With age, skeletal muscle stem cells (MuSCs) activate out of quiescence more slowly and with increased death, leading to defective muscle repair. To explore the molecular underpinnings of these defects, we combined multiomics, single-cell measurements, and functional testing of MuSCs from young and old mice. The multiomics approach allowed us to assess which changes are causal, which are compensatory, and which are simply correlative. We identified glutathione (GSH) metabolism as perturbed in old MuSCs, with both causal and compensatory components. Contrary to young MuSCs, old MuSCs exhibit a population dichotomy composed of GSHhigh cells (comparable with young MuSCs) and GSHlow cells with impaired functionality. Mechanistically, we show that antagonism between NRF2 and NF-κB maintains this bimodality. Experimental manipulation of GSH levels altered the functional dichotomy of aged MuSCs.
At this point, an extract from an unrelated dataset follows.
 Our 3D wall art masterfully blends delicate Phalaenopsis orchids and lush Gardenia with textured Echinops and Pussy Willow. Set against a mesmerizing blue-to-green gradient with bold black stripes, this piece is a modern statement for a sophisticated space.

These findings identify a novel mechanism of stem cell aging and highlight glutathione metabolism as an accessible target for reversing MuSC aging.

Clinical CDK4/6 inhibitors induce selective and immediate dissociation of p21 from cyclin D-CDK4 to inhibit CDK2.
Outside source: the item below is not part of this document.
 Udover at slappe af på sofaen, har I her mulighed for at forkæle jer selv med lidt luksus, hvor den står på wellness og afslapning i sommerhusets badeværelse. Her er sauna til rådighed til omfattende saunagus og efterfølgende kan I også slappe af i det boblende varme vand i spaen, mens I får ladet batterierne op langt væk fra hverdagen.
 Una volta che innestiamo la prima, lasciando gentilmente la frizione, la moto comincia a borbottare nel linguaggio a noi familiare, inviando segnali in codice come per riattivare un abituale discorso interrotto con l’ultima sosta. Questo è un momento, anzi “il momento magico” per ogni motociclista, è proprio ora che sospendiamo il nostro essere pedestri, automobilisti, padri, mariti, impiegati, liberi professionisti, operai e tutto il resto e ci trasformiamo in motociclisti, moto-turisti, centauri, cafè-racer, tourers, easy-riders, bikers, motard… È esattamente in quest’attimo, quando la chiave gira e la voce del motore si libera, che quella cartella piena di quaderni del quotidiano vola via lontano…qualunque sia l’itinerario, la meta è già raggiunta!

Since their discovery as drivers of proliferation, cyclin-dependent kinases (CDKs) have been considered therapeutic targets. Small molecule inhibitors of CDK4/6 are used and tested in clinical trials to treat multiple cancer types. Despite their clinical importance, little is known about how CDK4/6 inhibitors affect the stability of CDK4/6 complexes, which bind cyclins and inhibitory proteins such as p21. We develop an assay to monitor CDK complex stability inside the nucleus. Unexpectedly, treatment with CDK4/6 inhibitors-palbociclib, ribociclib, or abemaciclib-immediately dissociates p21 selectively from CDK4 but not CDK6 complexes. This effect mediates indirect inhibition of CDK2 activity by p21 but not p27 redistribution. Our work shows that CDK4/6 inhibitors have two roles: non-catalytic inhibition of CDK2 via p21 displacement from CDK4 complexes, and catalytic inhibition of CDK4/6 independent of p21. By broadening the non-catalytic displacement to p27 and CDK6 containing complexes, next-generation CDK4/6 inhibitors may have improved efficacy and overcome resistance mechanisms.